The historic vote last night in the House of Representatives for health care reform is incredibly important. We should all celebrate and thank Speaker Pelosi for pulling it off. Yet, as most know, the 220 to 215 majority reminds us that the struggle between strong democracy, majoritarian democracy and weak, anti-majoritarian democracy within the Democratic Party is not over, and will likely continue for some years into the future.
If the Democrats succeed in the Senate and if they make the most of this victory next year by reminding the electorate, time and time over, how historic this shift is, then the future of a stronger, more progressive majority in the U.S. may be in the cards.
The vote will put pressure on the Senate. While the narrowness of the victory will encourage some Blue Dog Democrats in the Senate to risk voting against their entire party, if they support the filibuster against the bill, they also surely must know that the Republican Party is coming after every Democrats in 2010 no matter how they vote today. The Republicans are desperate to bury this victory. And those in the House who voted against their own party know, when and if reform comes will change the politics in their own districts.
Securing health insurance for everyone is a game-changer for both parties.

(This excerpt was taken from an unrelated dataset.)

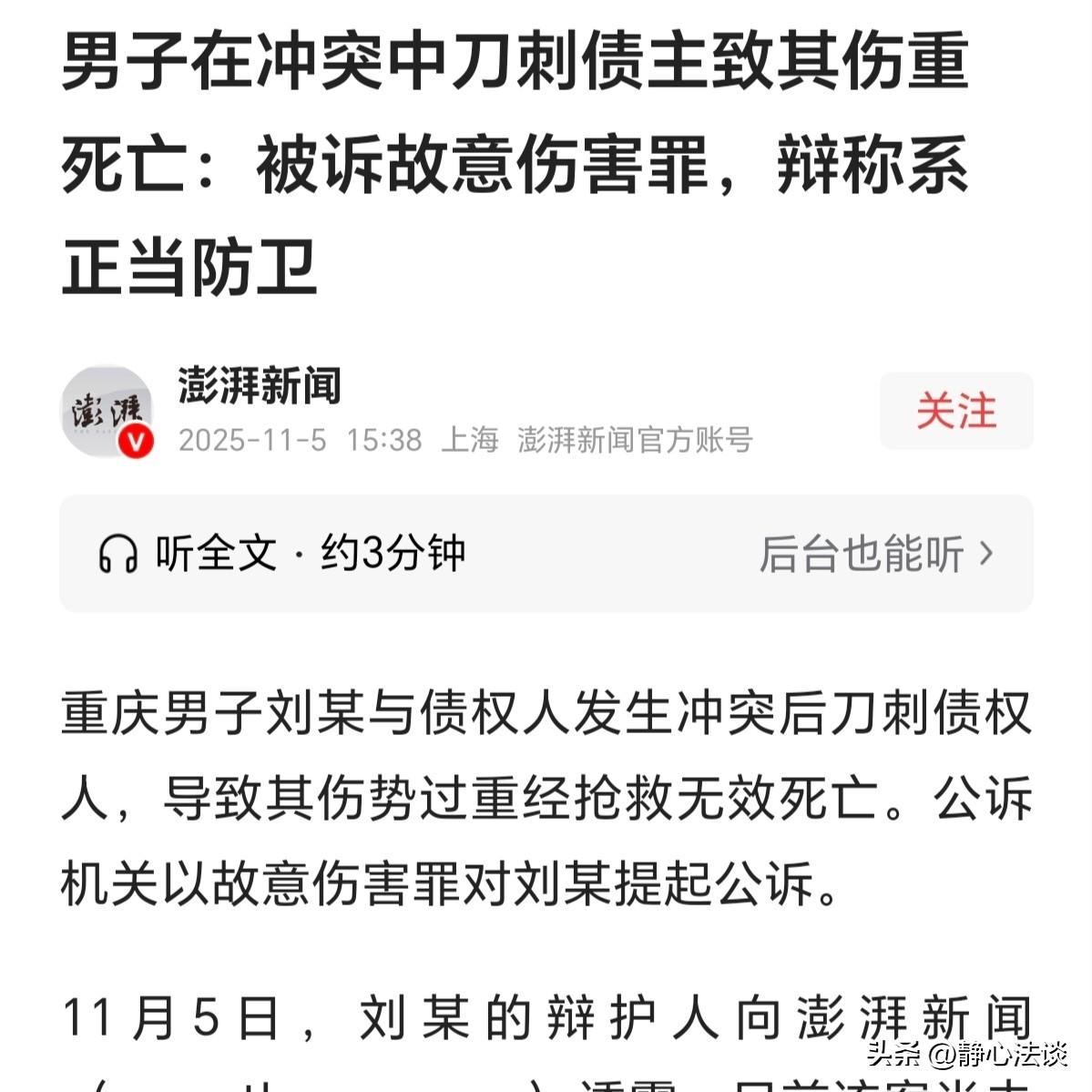 重庆,一男子输光积蓄后,以每日600元的利息借了30000元想翻本,没想到又输个精光,到了还钱的日子傻眼了,债主约他谈还钱的事,俩人一见面就吵起来,债主持刀想吓唬他还钱,拉扯中刺伤其手指,男子反击后想跳车逃离,却被债主死死拽住不放。情急之下,男子持刀连续捅刺债主上半身,致其死亡。案发后,男子坚称是正当防卫,公诉机关却以故意伤害罪起诉! 2025年1月26日晚,年味渐浓,刘某却东躲西藏没心思过年,就怕讨债的上门,债主张某又打来电话约见面。 实在没办法,这事不处理年都不好过,刘某赶到张某约定的地点,见张某坐在车里等他,就开门坐在副驾驶上。 没说几句两人就吵起来,刘某欠的3万元债务一直还不上,马上过年了,今天得给个给钱。 刘某好赌,欠了一屁股债,根本没钱还,他求张某再宽限几天,不是不给,真没有钱。 张某怒火中烧,你没钱还,当初为啥要借,我的钱也不是大风刮来的,想赖账吗? 他从车内扶手箱掏出刀具,想吓唬刘某还钱,对着副驾驶的刘某刺去。 刘某慌忙用手抵挡,右手大拇指瞬间被划出血口,疼痛与恐惧瞬间涌上心头。 他要求张某送自己去包扎,却遭到对方的言语攻击与持续威胁,张某甚至再次举起了刀。 生死关头,刘某掏出了随身携带的单刃刀,抢先一步刺向张某,随后试图跳车逃离,却被张死死 拽住衣角不放。 撕扯中,车辆停下后,刘某竟将张某整个人拖下车,而张某仍不松手。 刘某情急之下,持刀对着张某上半身连续捅刺,直到对方倒在地上,他才幡然醒悟。 急忙报警并呼叫救护车,可张某最终还是因抢救无效死亡。 事情还得从2024年8月说起,刘某输红了眼,为了往回翻本,向张某借了3万元。 二人约好,一万元每日200元的离谱利息,3万元一天利息就600元,刘某当时一门心思翻盘,根本没想后果。 到期后傻眼了,他嗜赌成性,四下借钱,压根无力偿还。 张某也不是吃素的,欠帐还钱,天经地义,他天天找刘某要钱,甚至刘某家人也被骚扰。 同年10月,张某带人跟踪、蹲守刘某家门口,刘某不敢出门,家人也心惊胆战,无奈报警,对方一看帽子叔叔来了就走了,问题未解决,过后还来。 更让他心惊的是,期间另一位债主薛某找上门,好容易堵住他,一要钱没有,不管三七二十一持刀将他暴揍。 刘某深知自己欠债太多,保不齐哪天挨打,为了自保,吓得买了单刃刀防身。 案发后,刘某坚称自己是正当防卫,但警方以涉嫌故意伤害罪将其控制,公诉机关也以此罪名提起公诉。 一失足成千古恨,刘某追悔莫及,但他坚持称当时情况危急,自己是正当防卫。 有人说,张某先持刀伤人,刘某反抗是自保,若不反击,倒下的可能就是自己。 也有人认为,张某下车后仅撕扯衣服,并未继续伤人,刘某的连续捅刺已超出防卫范围,属于故意伤害。 那么,从法律的角度,该如何看待这件事呢? 《刑法》第20条:为了使国家、公共利益、本人或者他人的人身、财产和其他权利免受正在进行的不法侵害,而采取的制止不法侵害的行为,对不法侵害人造成损害的,属于正当防卫,不负刑事责任。 正当防卫明显超过必要限度造成重大损害的,应当负刑事责任,但是应当减轻或者免除处罚。 张某刚开始持刀刺向刘某,致其手指受伤,并持续进行言语攻击和威 胁,刘某此时掏出刀具反击,属于正当防卫。 但当双方撕扯至车外后,张某从“持刀威胁”转变为拽住衣角不放,不再属于严重危及人身安全。 而刘某此时持刀连续捅刺张某上半身并致其死亡,超出防卫手段与不法侵害的程度的必要限度,可能构成防卫过当。 《刑法》第234条:故意伤害他人身体的,处三年以下有期徒刑、拘役或者管制。犯前款罪,致人重伤的,处三年以上十年以下有期徒刑;致人死亡或者以特别残忍手段致人重伤造成严重残疾的,处十年以上有期徒刑、无期徒刑或者死刑。 刘某明知持刀连续捅刺张某上半身,会造成严重伤害甚至死亡结果,仍实施该行为,具有伤害的故意。 他的捅刺行为直接导致张某死亡,属于“故意伤害他人身体致人死亡”的情形。 刘某的行为超出正当防卫限度,其反击已转化为非法伤害行为,构成故意伤害罪。 目前,此案在进一步侦办中。 刘某嗜赌成性,输光积蓄还高利息借钱翻本,这本身就走了歪路。 欠债还钱是本分,但他没想着好好解决,反而一直逃避,这为后续的冲突埋下了隐患。 而债主张某,明知是高利息还出借,讨不到钱就用持刀威胁。 还骚扰家人的极端方式,甚至先动手伤人,这种讨债手段本就违法,也彻底激化了矛盾。 最让人惋惜的是,刘某一开始被伤害时反击,或许还有正当防卫的可能。 但后来张某只是拽着他不放,已经没有严重的人身威胁,他却情绪失控连续捅刺,最终酿成大祸。 这也提醒我们,遇到矛盾千万别冲动,更不能用暴力解决问题。 对此,你怎么看呢? @静心法谈 学法辨是非,慬法不吃亏。

Still, a very substantial fraction of the Democratic Party is holding tight to the politics that brought them, sectional politics, "red" versus "blue" politics, betting that it will still hold in 2010. But sectional politics may just be beginning to break up.
The next month and the next years will be crucial for all of us who hope for, who wait for, a democracy of days, a democracy that battles to make daily life for ordinary people more secure in the United States, and not just with health care reform.
William Faulkner, in Requiem for a Nun, wrote, "The past is never dead; it is not even past."
But maybe this time the past is beginning to be past.